La société perd sa vitalité intellectuelle pour remplir l’espace dégagé de rancœurs et de soupçons. Tout œuvre est cause de procès, de condamnation, ou pire encore, d’exclusion à titre préventif. Cette prophylaxie de l’esprit dévaste tout. Chacun est libre de condamner et jeter à la fosse ce qu’il entend comme contraire au bien.

Aux Etats unis, l’association PEN American qui défend la liberté des écrivains, a recensé plus de 2500 cas de censures prises par des institutions scolaires, afin de  retirer ou interdire des livres et auteurs de leur circonscription. Dans tous les états conservateurs, c’est l’hystérie. Partout, on fouine, on dénonce, on éradique pour protéger… Protéger quoi, au juste ?

Au total, 1650 livres sont déjà interdits et éradiqués des programmes ou des bibliothèques scolaires.  Sont écartés de toute accès à la lecture Mark Twain, Toni Morrison, John Steinbeck, Philip Roth, Shakespeare. Et même Anne Franck en BD. Interdite au Texas en raison de références insidieuses à la sexualité.
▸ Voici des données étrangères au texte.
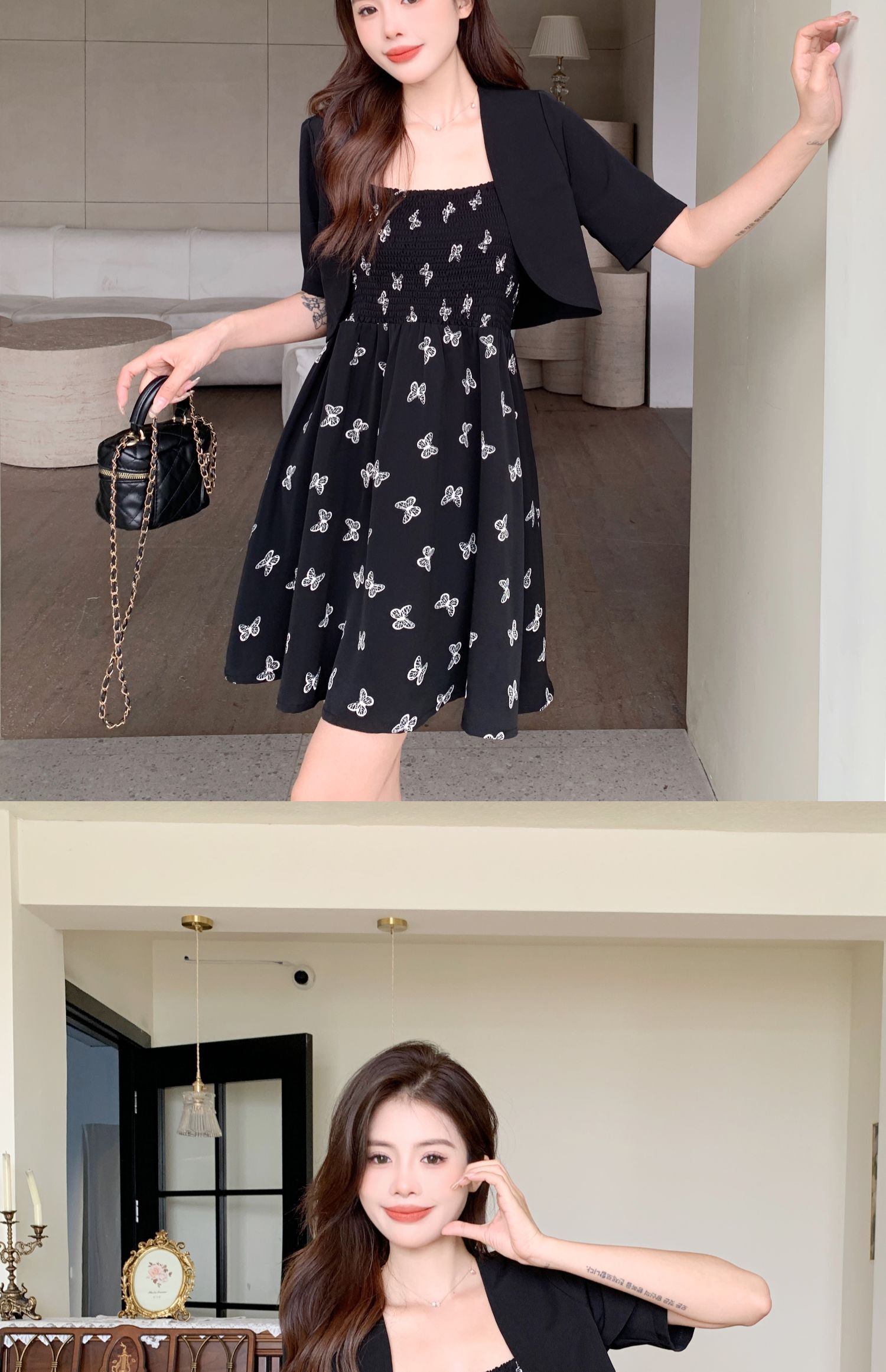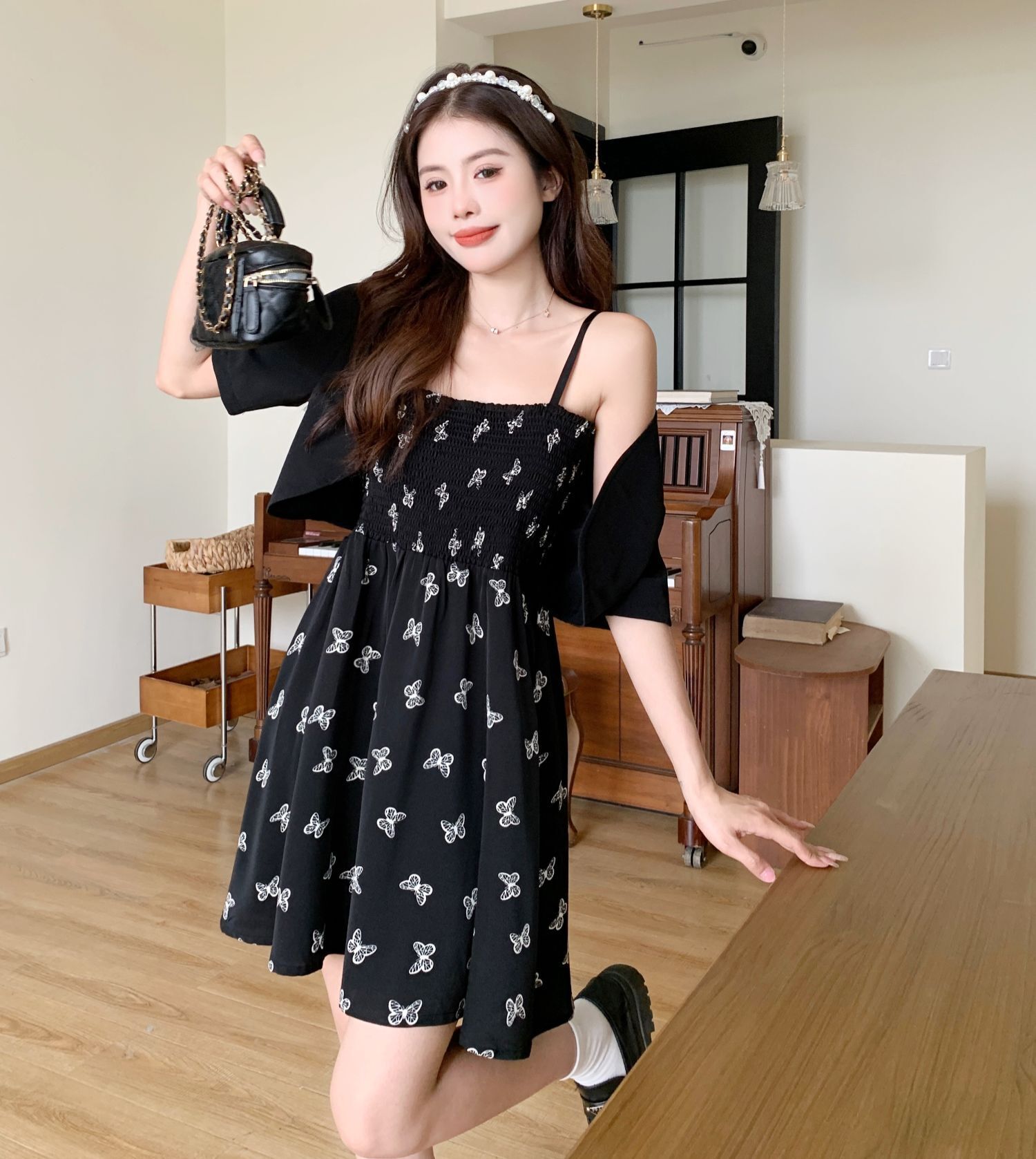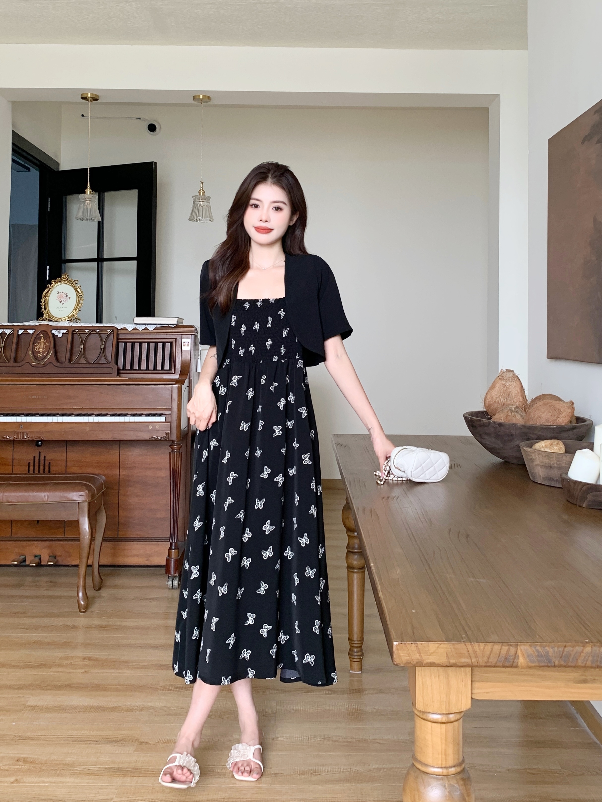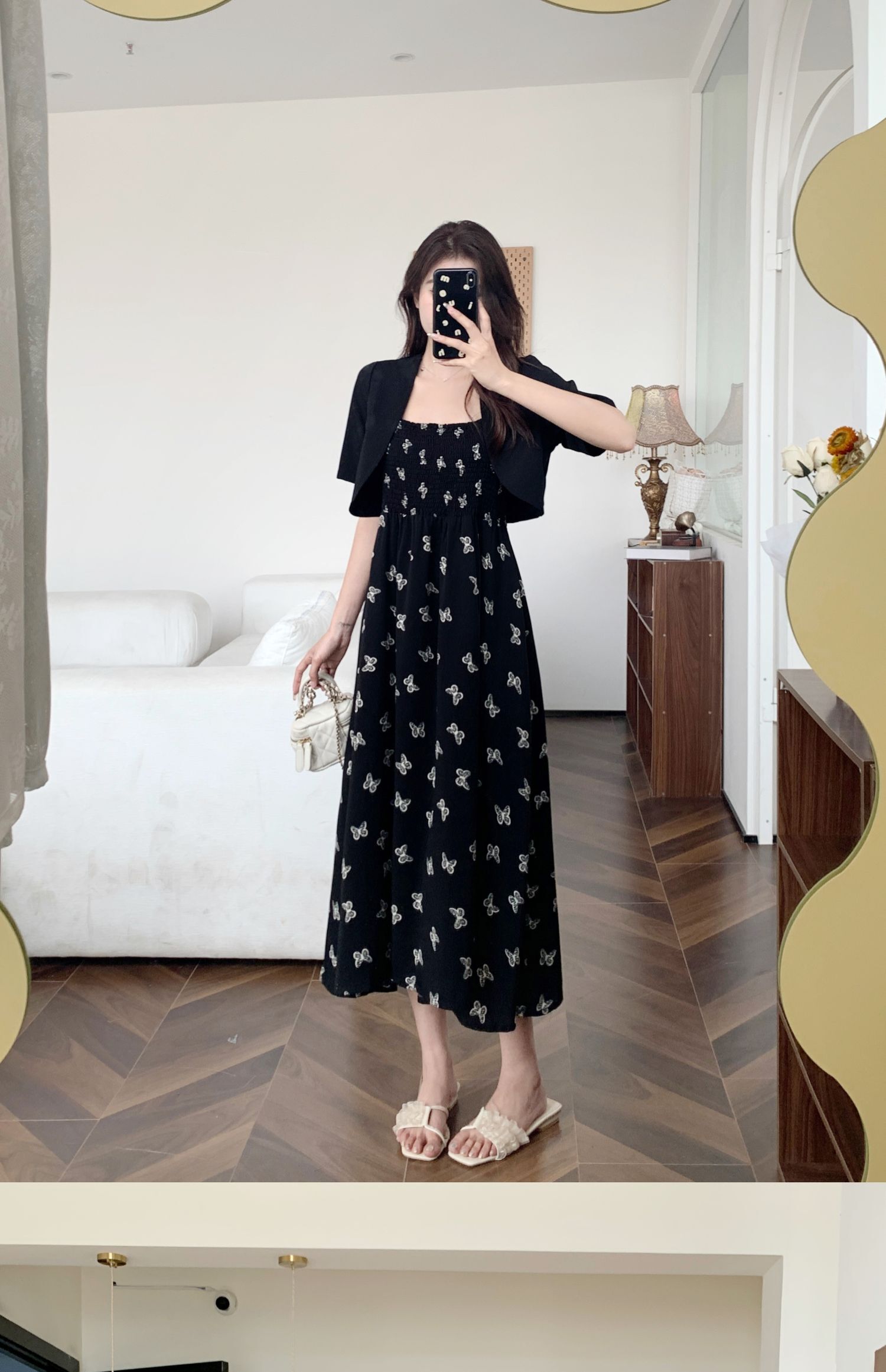 Plus-size women's summer new style, flattering and youthful, floral print suspender dress two-piece set.

Ce n’est qu’un début. Tout ce qui évoque, suggère, aborde, les questions du racisme, de l’esclavage, des minorités, du genre, de la sexualité, est exclu du savoir.

N’allons pas croire que de ce côté-ci de l’Atlantique, dans notre république, la situation est sauve. Récemment, une pétition – des étudiant (e )s- de plusieurs écoles d’art  revendiquait l’exclusion  des programmes de plusieurs cinéastes, dont l’immense Jean-Luc Godard. Sa façon de filmer le corps féminin différemment du corps masculin a révolté certaines consciences. C’est sûr – ainsi nous le dit « Le Mépris » -que le corps de Brigitte Bardot n’est pas celui de Michel Piccoli.  CQFD. Plus besoin de grand-prêtre MAGA. C’est une partie de la jeunesse ici qui fait le travail de purification.

L’inquisition reste une valeur moderne. Et aujourd’hui, tout le monde peut en profiter.